Andrew Perrin <andrew_perrin@unc.edu> writes:
> Well, here's the output from vmstat:
> aperrin@hm269-26876:~/afshome/papers/authoritarian$ vmstat
> procs memory swap io system
> cpu
> r b w swpd free buff cache si so bi bo in cs us
> sy id
> 0 1 0 3052 2132 10460 413284 0 0 11 14 6 5 6
> 3 17
That's fairly useless, since what it gives you is the average values
since system boot. To get useful numbers, do "vmstat 5" (or some other
interval, but 5 seconds usually works well), and let it run long enough
to get a page's worth of output.
> I can't say I understand it though.... I've got a query running through
> psql that's been chugging away for nearly 2 hours now:
> auth=# select count(patternid) from patterns where patternid in (select
> o_patternid from
> auth(# letters, pattern_occurrences where letters.letterid =
> pattern_occurrences.o_letterid
> auth(# and letters.datecat in (1,2));
"WHERE ... IN (subselect)" queries are notoriously inefficient in Postgres.

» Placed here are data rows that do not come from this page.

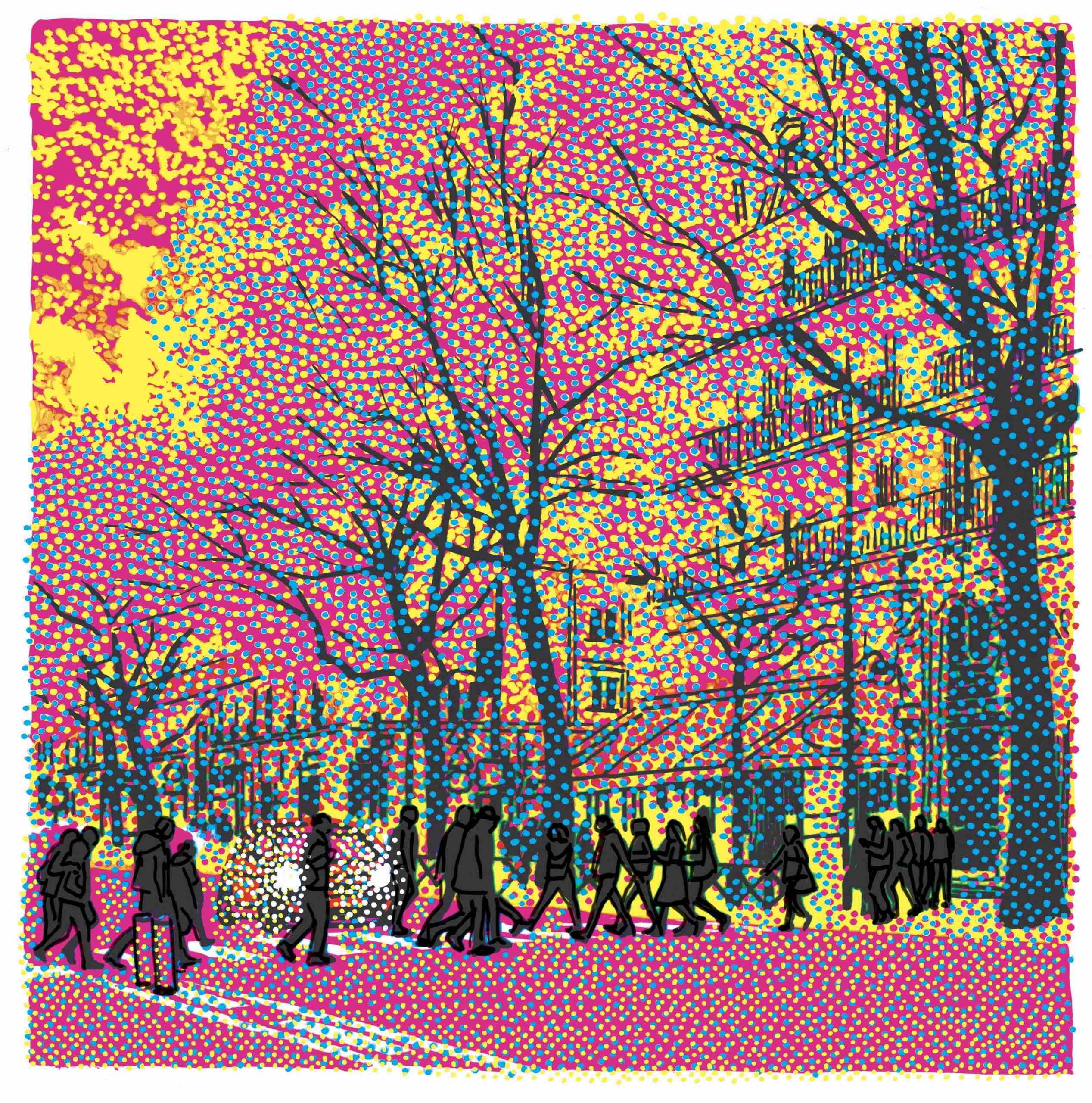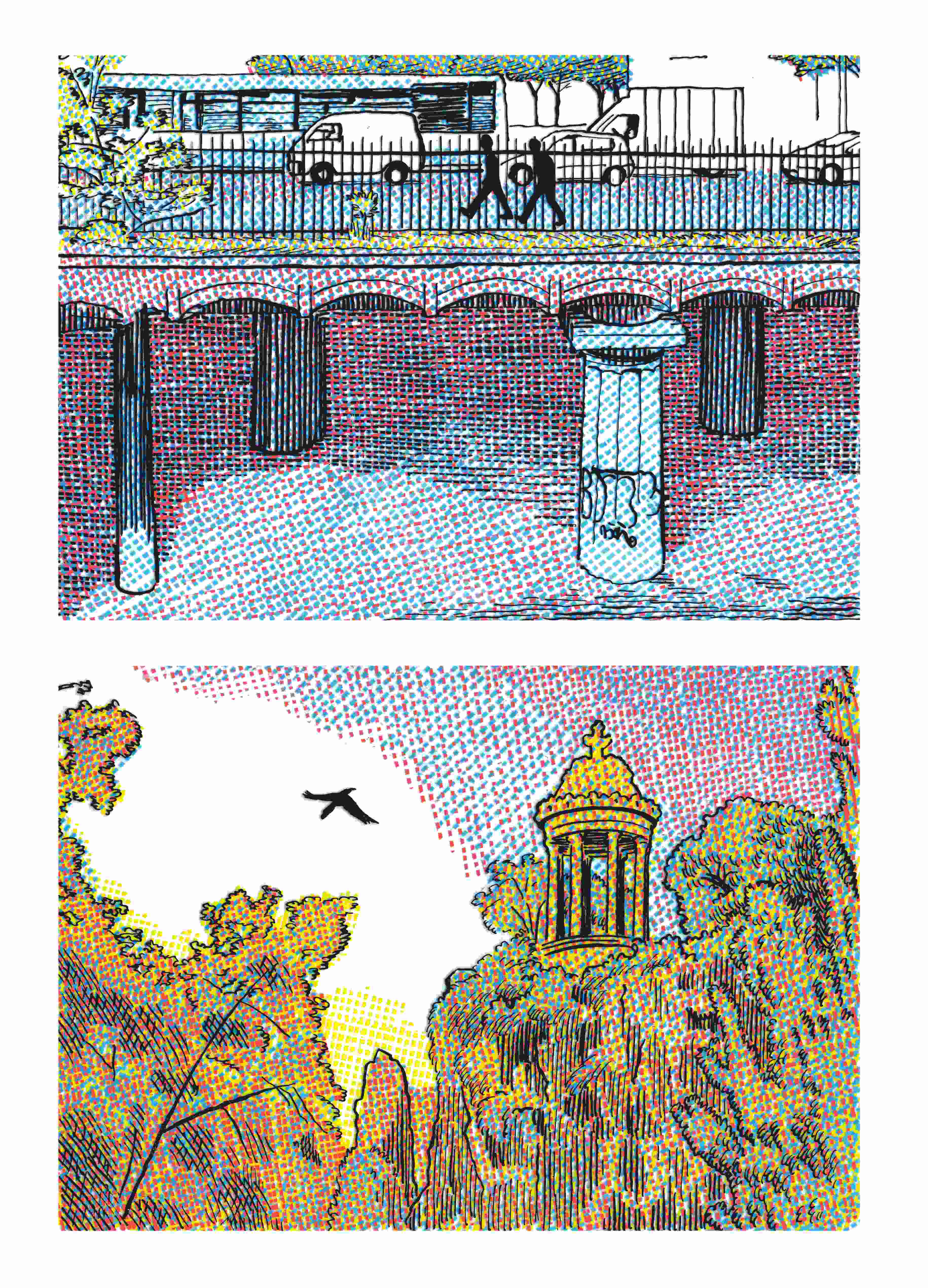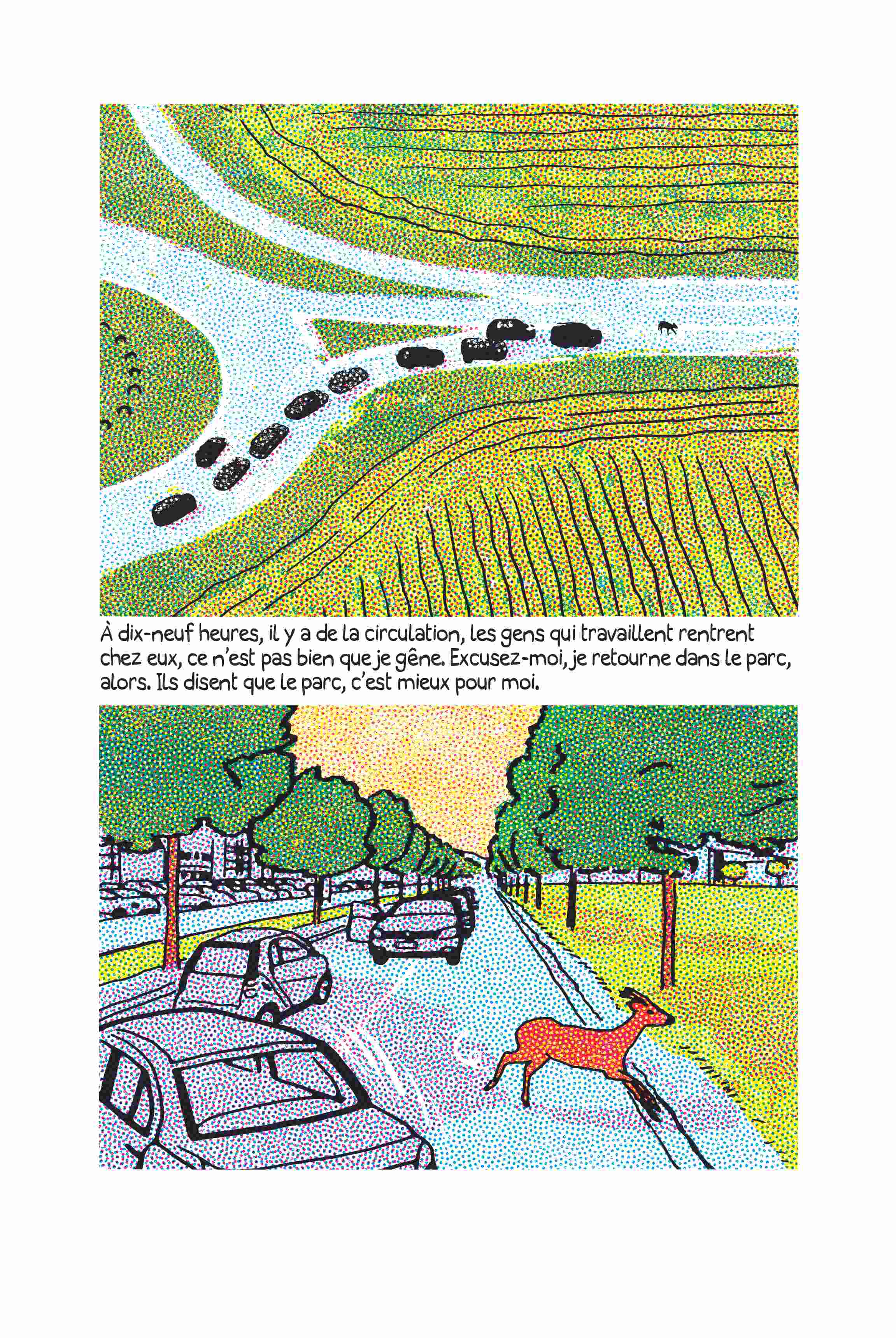 Ce faisant, il déambule dans la ville, occasion de réflexions, de rêveries, de souvenirs, mais aussi de rencontres.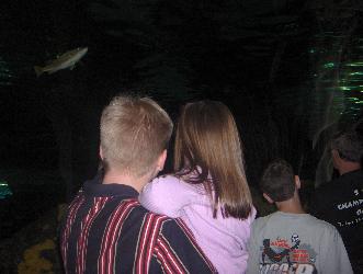 [hi] [low] October 13, 2005 Pictures from Ripley's Aquarium of the Smokies in Gatlinburg, TN. They have a very long tunnel where you walk under a tank in the aquarium holding hundreds (thousands?) of fish, including several sharks. There's a kids area where they get to touch horseshoe crabs as well as stand up inside a donut-shaped fish tank. (28 pictures)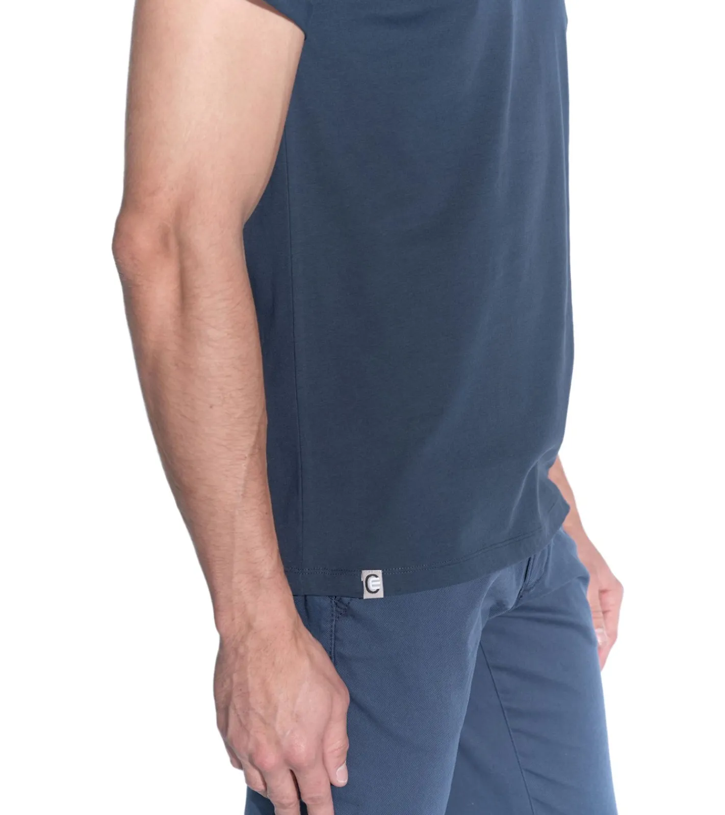 COURSE Herren Basic T-Shirt mit Ärmelaufschlag Rundhals-Shirt aus Baumwolle 901060 Dunkelblau

It might be worth trying to recast as a WHERE ... EXISTS query. Also,
is the inner query likely to produce a lot of duplicates? If so,
changing it to a SELECT DISTINCT might help.
> Last time I tried to vacuum the database it was still hung 12 hours later
> so I cancelled.
Hmm, shouldn't take 12+ hours to vacuum a database with only ~8mil
records. How many indexes have you got in that thing? Some people
have been known to drop indexes, vacuum, recreate indexes.